7 先輩たちに無視され続けた日報
「お前がいつ気づくかなって、みんな黙ってたんだよ」
日報の書き方が間違っていると、OJTから指摘された。
そんなこと、誰も言ってくれなかったと言い返したら、そう返された。
嘘だろ、と思った。
新人に意地悪して、なんの得があるのか?
その日は特に酷かった。
今までだんまりだったくせに、急に仕事のできない先輩とOJTの先輩が、「今まで言わなかったけど、お前の日報はおかしい、書き方がなってない」と言い出したのだ。
腹の底から怒りが沸いた。
気づいたらすぐ修正させるべきでは?
なんで今まで黙っていた?
大声が出そうになるのを、拳を握って我慢した。
「まあ、落ち着けって」
OJTのママさん社員は言う。
わたしは必死に深呼吸して、呼吸を整え、声を絞り出した。
「すみません、生理前なので……」
生理前は感情の起伏が激しくなり、自分でも手をつけられなくなるのだ。コントロール不可のジェットコースター状態。
生理前、生理中の体調不良については、配属された時に、ママさん先輩には相談してある。「大丈夫だよ」と言ってくれた。
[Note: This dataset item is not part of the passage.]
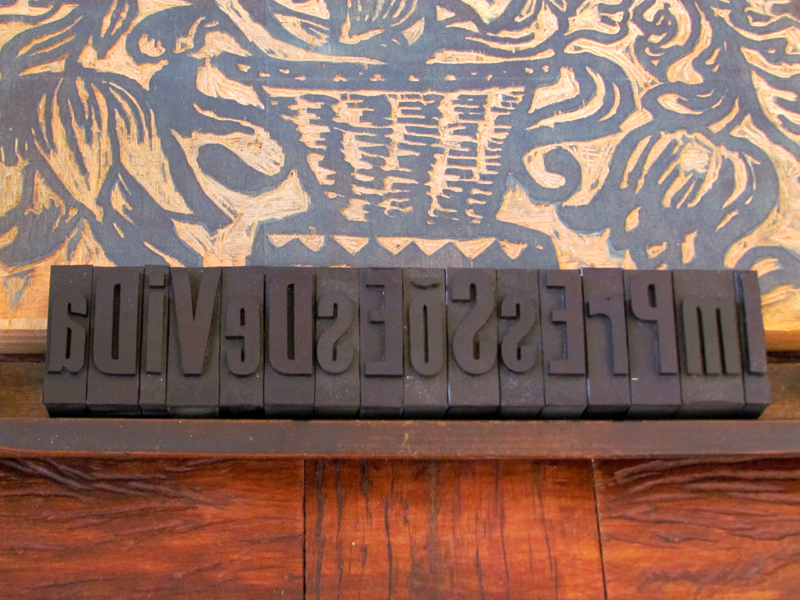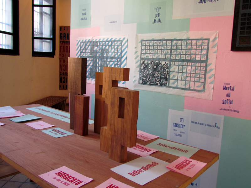 Paralelamente à publicação, foram apresentadas algumas xilogravuras e objetos, cuja temática se liga a esse universo tipográfico.

しかし、彼女は怒りを押さえつけるわたしにこう言った。
「そういうの、いいから」
ソウイウノ、イイカラ?
何言ってんだ……?
こっちは、死活問題なんだぞ……?
そのあとは、もう覚えていない。
適当に話を済ませて、トイレに駆け込み、声を殺して泣いた。
会社で泣いたのは、初めてだった。